== Segment start ==
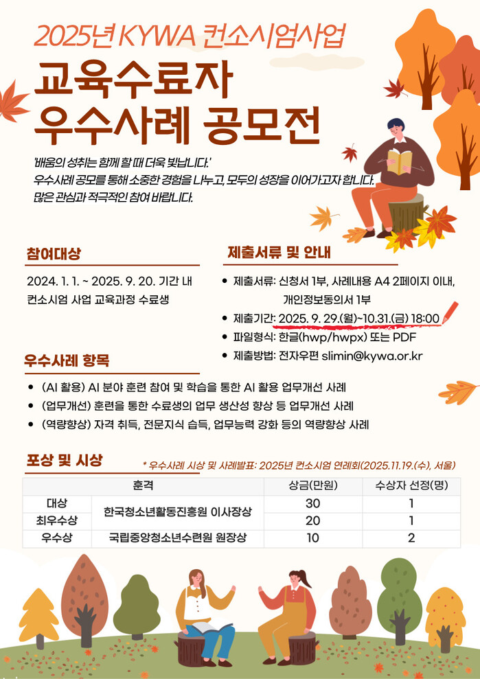 이번 공모전은 2024년 1월 1일부터 2025년 9월 20일까지 컨소시엄사업 교육과정을 수료한 교육생을 대상으로 하며, 주제는 ▲인공지능(AI) 분야 활용 ▲업무개선 ▲역량향상 중 하나를 선택해 산문 형식으로 사례를 작성하면 된다. 형식 제한은 없으며(A4 2페이지 이내, 수필·수기·기행문 등 가능), 성과 중심의 구체적인 사례 작성이 권장된다.
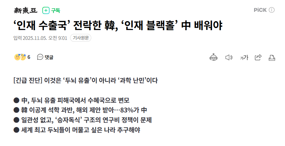韩国理工科顶尖学者过半获海外邀约…83%来自中国
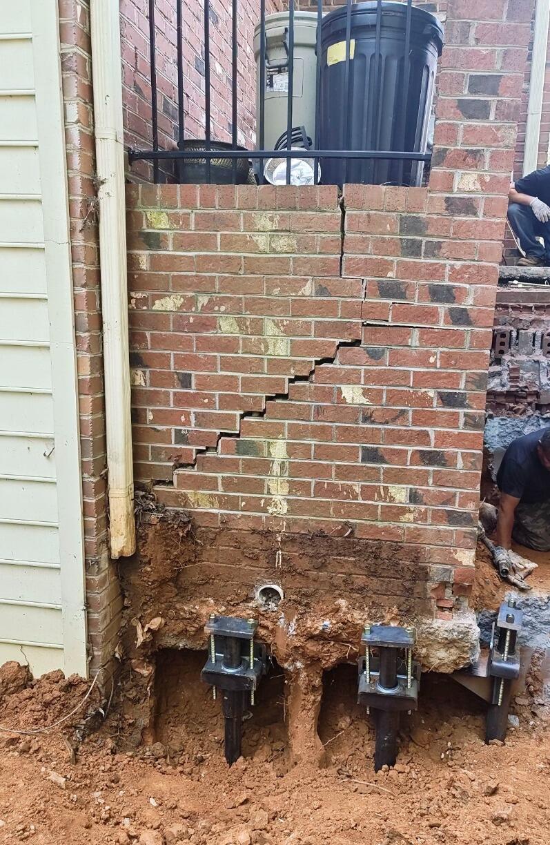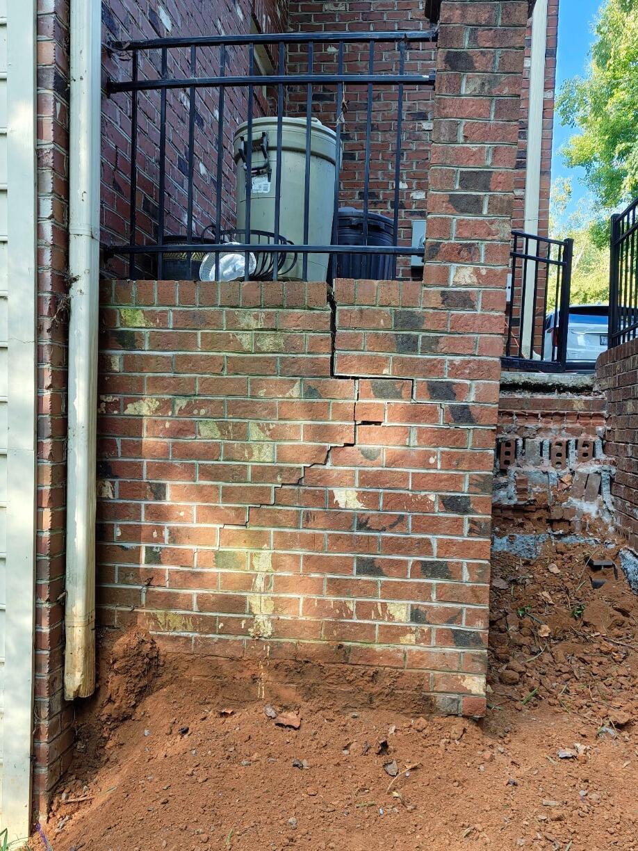 At this Advance, NC home, the retaining wall along the stairwell from the driveway to the backyard was starting to give way, creating serious safety concerns. Our team carefully demolished the failing brick staircase to access the area and installed 7 helical piers to stabilize and secure the wall. This solution provided lasting correction and restored structural support to the stairwell and driveway. The customer was thrilled with the results and the peace of mind that their home is now protected.
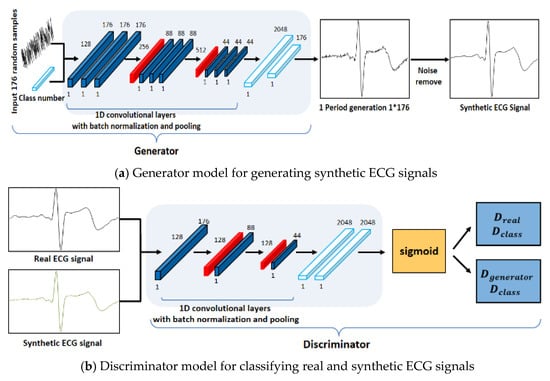 The structure of the ACGAN used in this study was designed to ensure that the generator and the discriminator have mutually different CNN models, as shown in Figure 4 [22]. To generate one-cycle ECG signals, the generator use the following input data: the class information and noise with the same size as the cycle to be generated. Data are generated in the generator model using a one-dimensional convolution operation and pooling operation repetitively and these data are used as the input data of the discriminator model along with the class information. As the number of layers increased through the repeated experiments, the generator model could not generate data similar to the real ECG signals; on the contrary, the values of generated synthetic ECG signals diverged because of the data loss in the learning process.
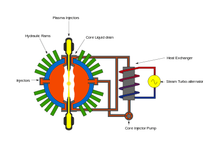 At maximum compression the conditions for fusion are briefly met and a fusion burst occurs releasing its energy in fast neutrons. The neutrons are slowed down by the liquid metal causing it to heat up. A heat exchanger transfers that heat to a standard steam cycle turbo-alternator to produce electricity.[15]
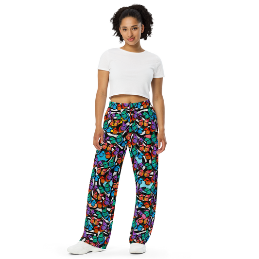 Unisex wide-leg pants (Butterflies - Black & White)
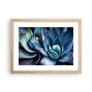 Affiche dans un cadre noir - Poster - Agave dans des tons de bleu et de vert avec des accents roses - 100x70cm - Force vital - Décoration murale moderne pour le salon et la chambre ARTTOR
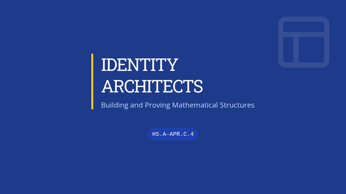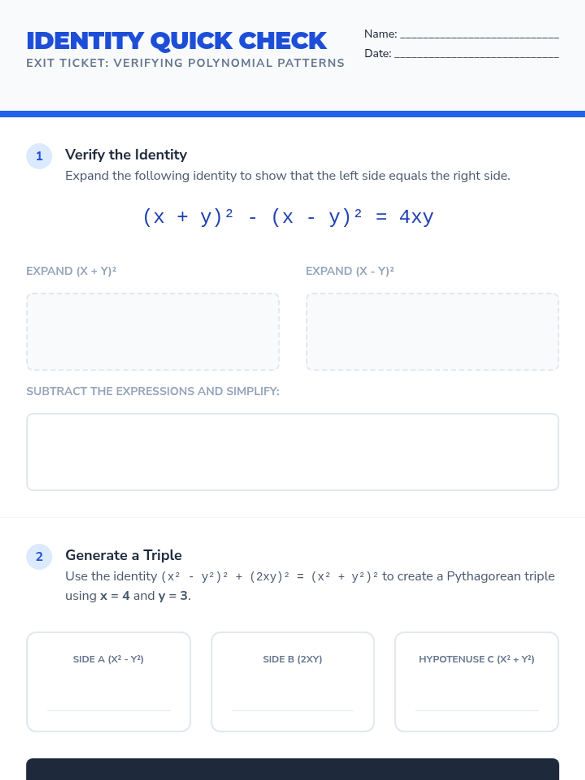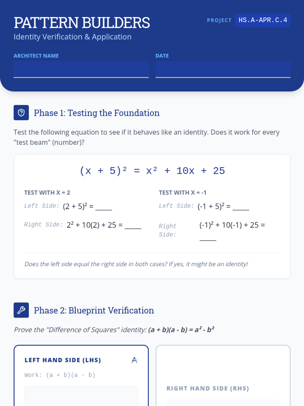 A Tier 2 intervention lesson focused on verifying polynomial identities and applying them to numerical patterns, designed for small group support. Students will use algebraic manipulation to prove identities and see their practical use in mental math and geometry.
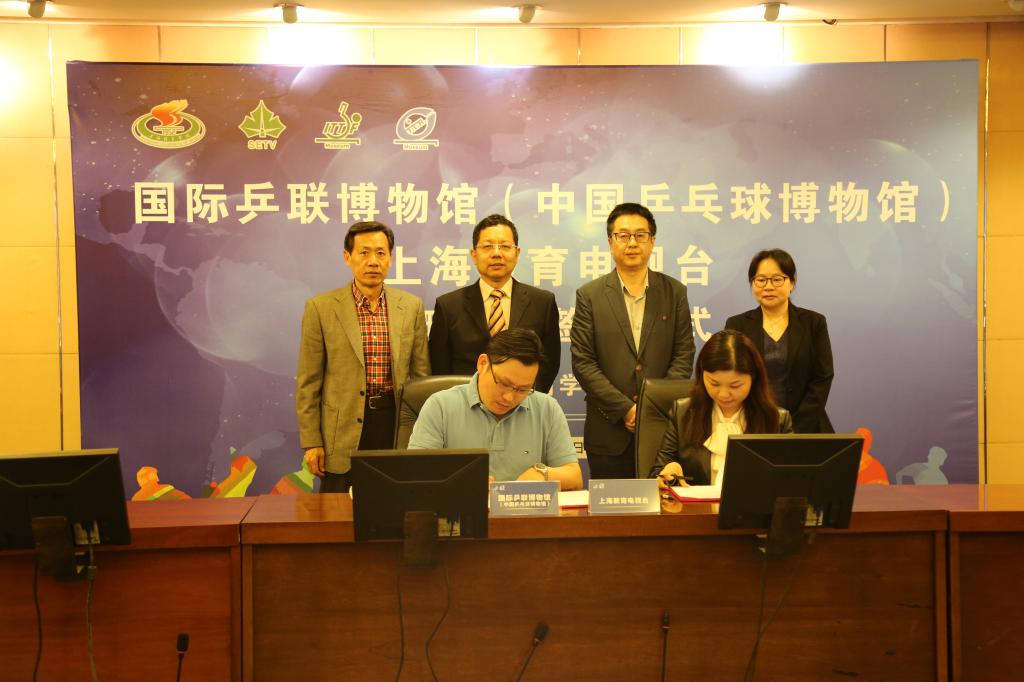 本网讯 4月21日,国际乒联博物馆和中国乒乓球博物馆与上海教育电视台在上海体育学院图文信息楼第一会议室举行了战略合作签约仪式,上海体育学院党委副书记王玉林、上海开放大学党委副书记王连华、上海体育学院副院长、中国乒乓球学院院长施之皓,上海体育学院宣传部部长匡淑平、国际乒联博物馆(中国乒乓球博物馆)副馆长顾郑军、上海教育电视台常务副台长陆生以及上海教育电视台和国际乒联博物馆(中国乒乓球博物馆)的工作人员参加了此次会议。
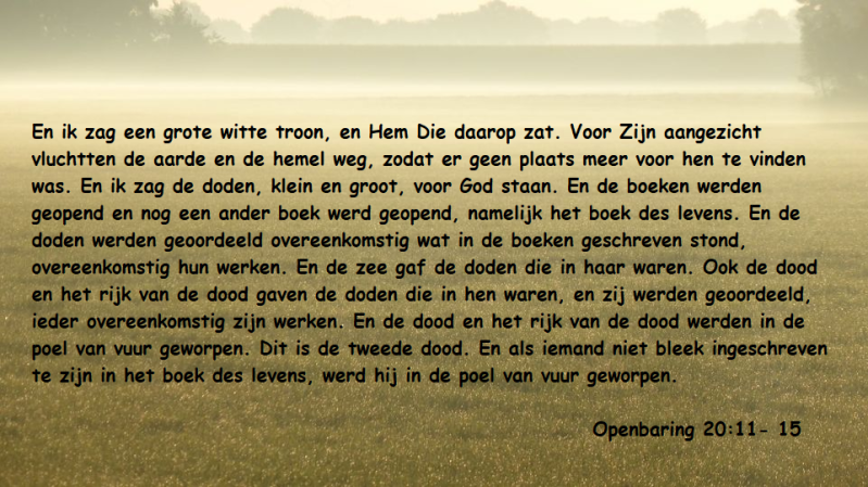 Openbaring 20:11 t/m15 “En ik zag een grote witte troon en Hem, die daarop gezeten was, voor wiens aangezicht de aarde en de hemel vluchtten, en geen plaats werd voor hen gevonden. En ik zag de doden, de groten en de kleinen, staande voor de troon, en er werden boeken geopend. En nog een ander boek werd geopend, het (boek) des levens; en de doden werden geoordeeld op grond van hetgeen in de boeken geschreven stond, naar hun werken. En de zee gaf de doden, die in haar waren, en de dood en het dodenrijk gaven de doden, die in hen waren, en zij werden geoordeeld, een ieder naar zijn werken. En de dood en het dodenrijk werden in de poel des vuurs geworpen. Dat is de tweede dood: de poel des vuurs. En wanneer iemand niet bevonden werd geschreven te zijn in het boek des levens, werd hij geworpen in de poel des vuurs.”
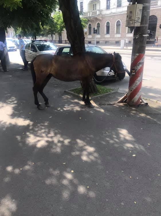 Calul ar aparține romilor de pe Bulevardul Muncii. Animalul avea la picior o sfoară cu care a fost legat pe un câmp. Cel mai probabil acesta a scăpat și de pe Bulevardul Muncii a luat-o la galop spre centrul orașului.
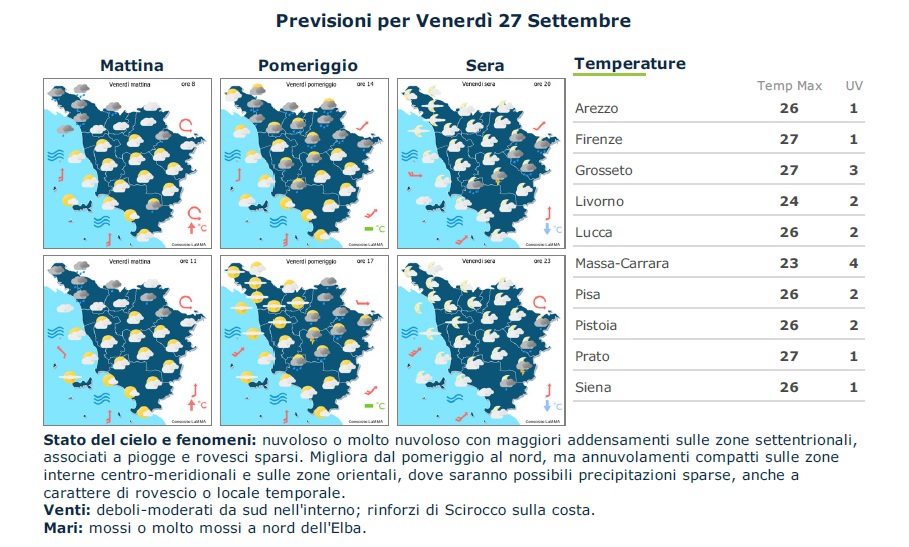 Per sabato 28 settembre cielo sereno. Temperature in leggero calo le massime con vento di libeccio in attenuazione nel pomeriggio. Mari molto mossi.
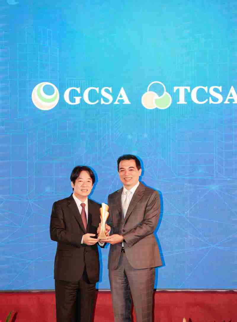 达全方位永续表现获全球永续奖及台湾永续奖肯定,,由副总统赖清德颁奖 (左),,尊时凯龙总经理柯富仁 (右) 代表领奖
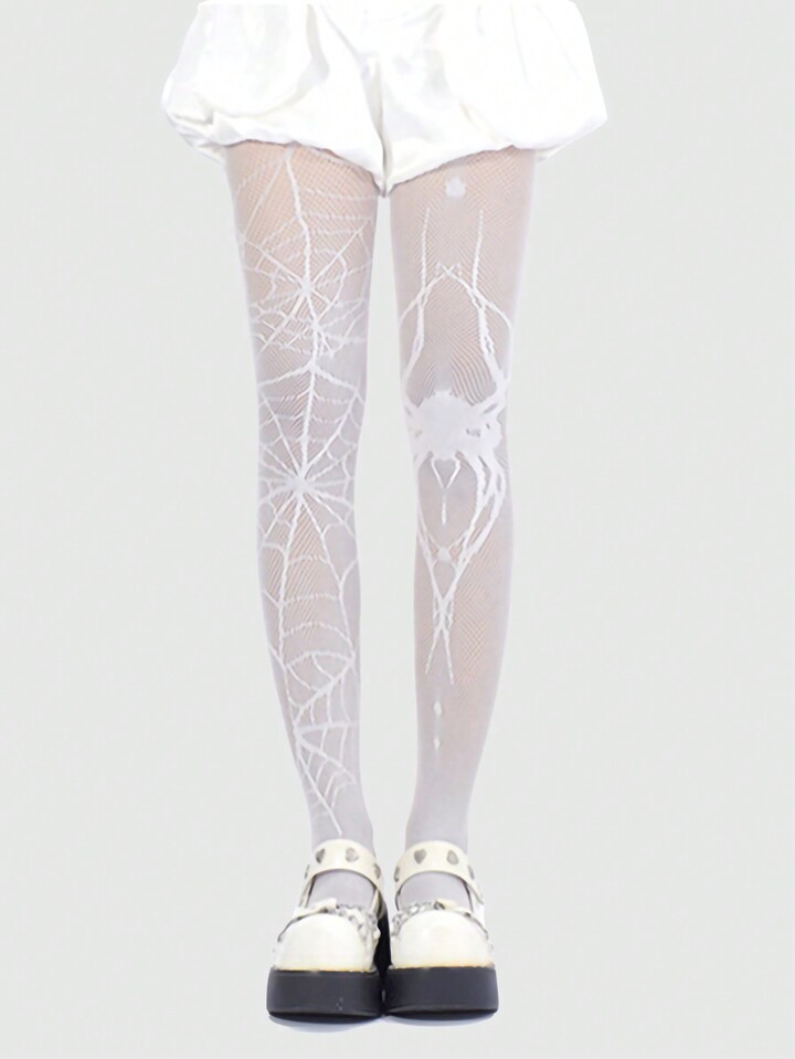 Goth 1 Pair Spider & Spider Web Fishnet Pattern Pantyhose
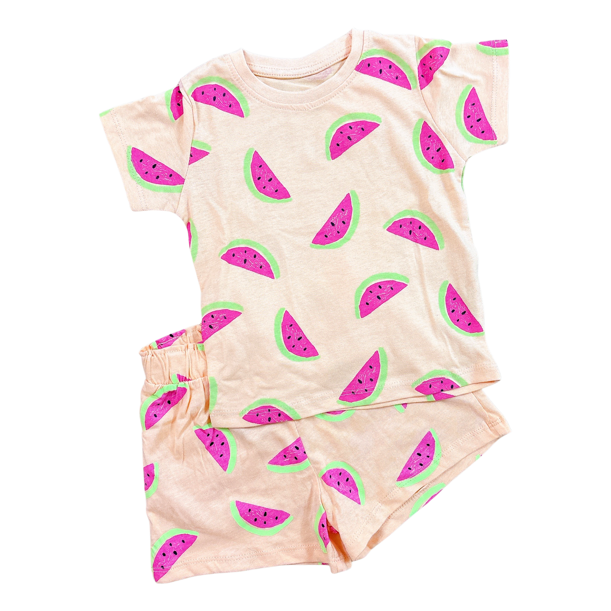 Set de short y blusa color peach y sandías. Super suave y fresco para el clima
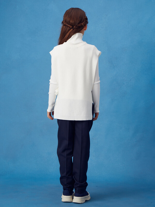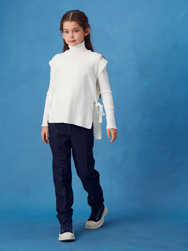 Удлиненный жилет из хлопка идеально впишется в повседневные школьные будни. Сегодня все любят оверсайз, поэтому широкая плечевая линия и силуэт безрукавки, доходящий до бедра, придётся как нельзя кстати в сочетании с брюками палаццо или расклешённой юбкой. Особо ценен жилет зимой, когда точно не помешает дополнительный тёплый слой в одежде.
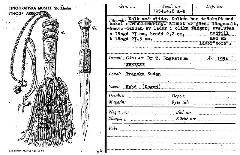 ETNOGRAFISKA MUSEET, Stockholm ' Gen. n:r I . Saml. n:r  . Dep. n:r 1954.4.8 a—b Föremål. Dolk- med- slida-. Dolken har träskaft med enkeIstreekortering. Bladet av-ttlth'i ''' långsmalt, 7&stat. Slidan :av läder i.olika-fåtgerayslutas- _a_längd_27_onli_bredd...:21.2 cm,  nedtill b längd 27,5 cm.  med en lädeertofen. Insaml., Gåva av: Dr T,  Engeatr.ö.ni  År: 1954 • -7;k92959% Lokal:  Franska Sudan Stam: ...11e14 (DMA) Utställt:   Depon: Magasin:   I Byte till: .Negat.,n:r   Bild n:r Skiopt. „   Kliché•n:r Publ. EARL SVANBERG AB, VÄRJO 429 10 66 [ocr]
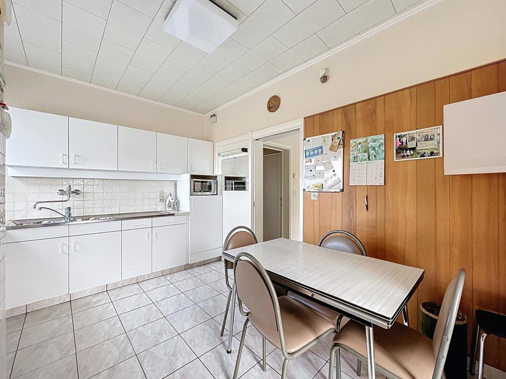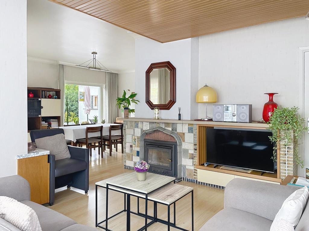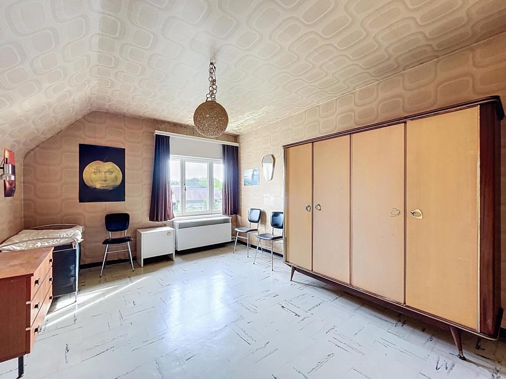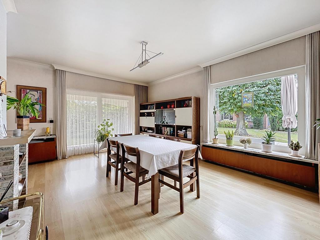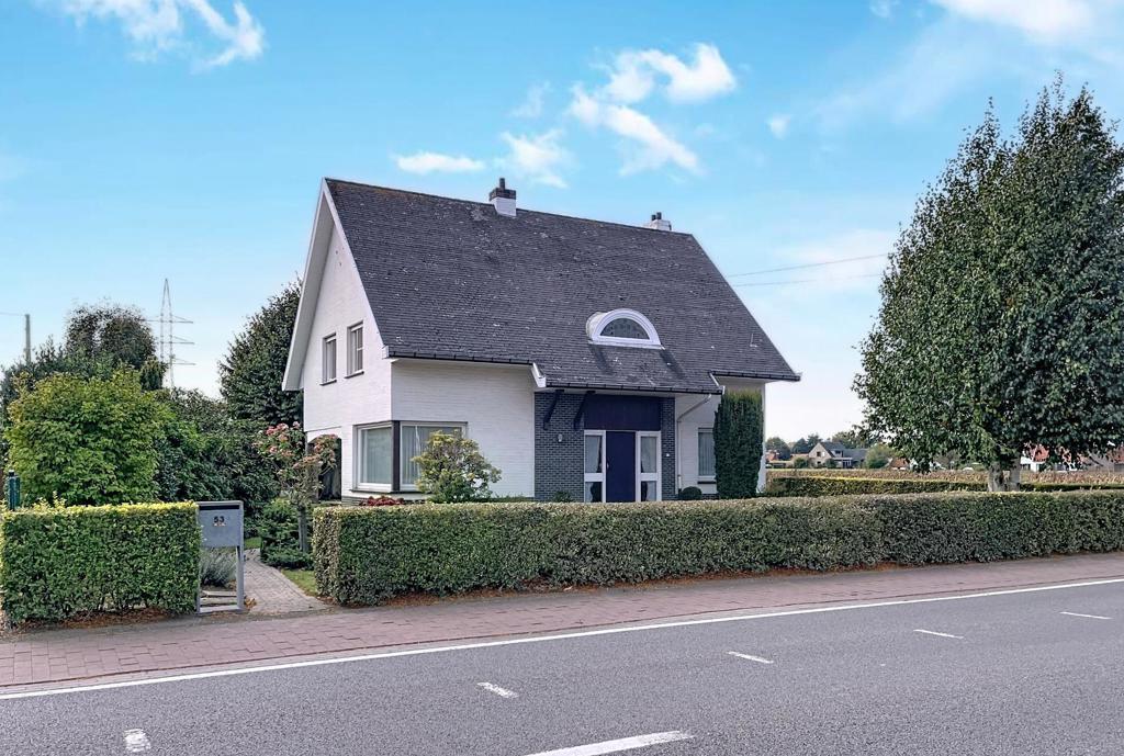 Op te frissen alleenstaande woning op een perceel van 1610m², bestaande uit een inkomhal met afzonderlijk toilet, bureel, ruime lichtrijke leefruimte met eet- en zithoek, ingerichte keuken met eetplaats, droge kelder, garage en een private tuin met aangelegde terrassen. Achteraan bevindt zich een magazijn van ±110m², vlot bereikbaar via de aangelegde oprit.
== Segment end ==
**GOAL OF THE EXERCISE**
Word for word, write out the lines above running from the one with "At maximum compression" up to and including the one with "本网讯 4月21日,国际乒联". Drop any picture.

**ANSWER SECTION**
 At maximum compression the conditions for fusion are briefly met and a fusion burst occurs releasing its energy in fast neutrons. The neutrons are slowed down by the liquid metal causing it to heat up. A heat exchanger transfers that heat to a standard steam cycle turbo-alternator to produce electricity.[15]
 Unisex wide-leg pants (Butterflies - Black & White)
 Affiche dans un cadre noir - Poster - Agave dans des tons de bleu et de vert avec des accents roses - 100x70cm - Force vital - Décoration murale moderne pour le salon et la chambre ARTTOR
 A Tier 2 intervention lesson focused on verifying polynomial identities and applying them to numerical patterns, designed for small group support. Students will use algebraic manipulation to prove identities and see their practical use in mental math and geometry.
 本网讯 4月21日,国际乒联博物馆和中国乒乓球博物馆与上海教育电视台在上海体育学院图文信息楼第一会议室举行了战略合作签约仪式,上海体育学院党委副书记王玉林、上海开放大学党委副书记王连华、上海体育学院副院长、中国乒乓球学院院长施之皓,上海体育学院宣传部部长匡淑平、国际乒联博物馆(中国乒乓球博物馆)副馆长顾郑军、上海教育电视台常务副台长陆生以及上海教育电视台和国际乒联博物馆(中国乒乓球博物馆)的工作人员参加了此次会议。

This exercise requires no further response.